When most people found out something strange about him, like his biology, they excused it by saying it was alien. No further questions. But Martha wanted to know why. It was new. It was interesting.
“You must have advanced genetic technology. If you can build time machines and sonic screwdrivers, you must have untangled the Time Lord genome. That’s right, isn’t it?”
He nodded.
“You could manipulate it, change it so you could fight disease, live longer, absorb radiation, anything. Grow another heart just because you could. If that’s how it happened, who knows what you used to look like. You could have been completely unrecognizable.”
Martha was lost in her speculations, not really seeing him anymore. She didn’t notice him look away. “I was,” he said quietly.
***
“How do you switch off?”
“What do you mean?”
“All this stuff, how do you get away from it? You can’t live like this all the time. It would drive somebody mad.”
Donna was always asking about the other side. The people he left behind, the allies he rejected, the enemies he tried to save.
“Do you mean, do I take a sick day? Take a sabbatical and relax on vacation?” He heard the bitter edge in his voice and hated it, but Donna knew better than to let that stop her.
“That’s not what I meant,” she said. “How do you stop feeling responsible for every little thing that happens in the universe?”
“I told you, Donna, I can see it, all the little things wrong with time like pulled threads. How can I ignore it? It’s like trying to ignore the cold when you’re freezing to death.”
“You keep up like this, you’re going to snap one day. And then what? Who saves us when we really need it?” Donna was tall, and with her stiff spine and sharp temper she was almost eye level to him. He met her glare for an instant before losing energy.
“What do you suggest?” he said, defeated. “There are times, Donna, some times when I want it to all go away so I can rest, just for a moment. I get so tired, and I just want to stop running. But what happens if I do that? You’re right; who’ll save you then?”
Donna, knowing she had gotten through to him, let her anger drain away. “I wish I knew. Maybe if you could talk to somebody. I don’t know, Martha maybe, someone who’s travelled with you before.”
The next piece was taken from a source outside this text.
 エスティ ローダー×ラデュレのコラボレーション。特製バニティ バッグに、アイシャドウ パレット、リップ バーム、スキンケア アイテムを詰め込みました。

He felt his face twist into a smile. “They have their own lives, their own problems. They don’t need me stumbling in and giving the same sob story everyone’s heard already.”
Donna looked lost without an answer. The wonderful thing about her was even when she was out of her depth, she wouldn’t stop trying. “I’m sorry,” she said.
“Yeah.”
He loved their curiosity and their boldness. But sometimes he wished they would remain silent.